Home News Personal Tax Buy-to-let landlord campaign fails to fill £500m tax gap


Buy-to-let landlord campaign fails to fill £500m tax gap

Despite HMRC’s campaign to target underpayments of tax due on rental properties, less than 3% of estimated eligible landlords have used the let property disclosure facility, according to data from Saffery Champness, which is warning that property taxation is likely to see a greater focus as landlords come under scrutiny over their tax compliance.

In its original announcement for the campaign in 2013, the government estimated that up to 1.5m landlords had underpaid or failed to pay up to £500m in tax between 2009 and 2010.

Those originally targeted included those who own more than one property, specialist landlords who rent to students, people with holiday lets and those who let houses in multiple occupation.

However, a freedom of information (FOI) request has shown that in the past five years just 35,099 people have made voluntary disclosures to HMRC, only 2.3% of the individuals originally identified. In addition, the campaign so far has recovered just £85m, approximately 17.1% of the anticipated payments.

The FOI request showed the most common reasons given for disclosures are either a ‘failure to notify HMRC’, or ‘taken reasonable care’.

James Hender, head of private wealth at Saffery Champness, said: ‘Looking at the data from the FOI, of the large number of taxpayers who stated that they had either failed to notify HMRC of their original liabilities or hadn’t taken reasonable care, many would likely have been unaware that they owed anything at all.
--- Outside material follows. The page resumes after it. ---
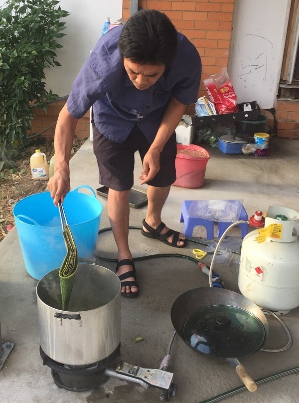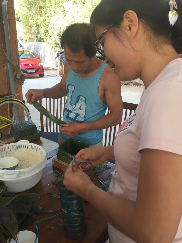 Những chiếc bánh tiếp tục hình thành. Nhìn các anh gói mới thấy, bánh ở Úc rất khó gói bởi ở đây nguồn lá vô cùng đắt đỏ. Chất lượng của lá không tốt như lá ở Việt Nam.

‘According to HMRC’s estimates, there are clearly many more landlords who have additional tax to pay, but have yet to come forward. If this is the case, then these people would be well advised to contact the taxman sooner rather than later.

‘HMRC has been tightening the net on non-compliance and there are increasingly few opportunities for taxpayers to mitigate the risk of an investigation.

‘This campaign is one of the few that remains open but, with the common reporting standard online and the failure to correct penalty system in place (both of which will affect owners of properties overseas) it is likely to remain that way for only so long.’

Lucy Brennan, partner at Saffery Champness, pointed out that some of the categories which have traditionally brought in substantial tax revenues, notably tobacco, alcohol and fuel, are now set to decline due to changing lifestyle habits.

‘There seems to be a pattern emerging of HMRC targeting other sources of tax revenues, with property being an asset that they could look to levy additional taxes on. This is already in motion, with a raft of tax changes set to hit second home owners and accidental landlords over the next year or so.

‘You only need to look at countries such as France and the US to see that, in comparison, UK property is a relatively lightly taxed asset. The difficulty with bringing in new property taxes is that it is political dynamite and any significant reform could provoke a backlash from property owners of all stripes,’ Brennan said.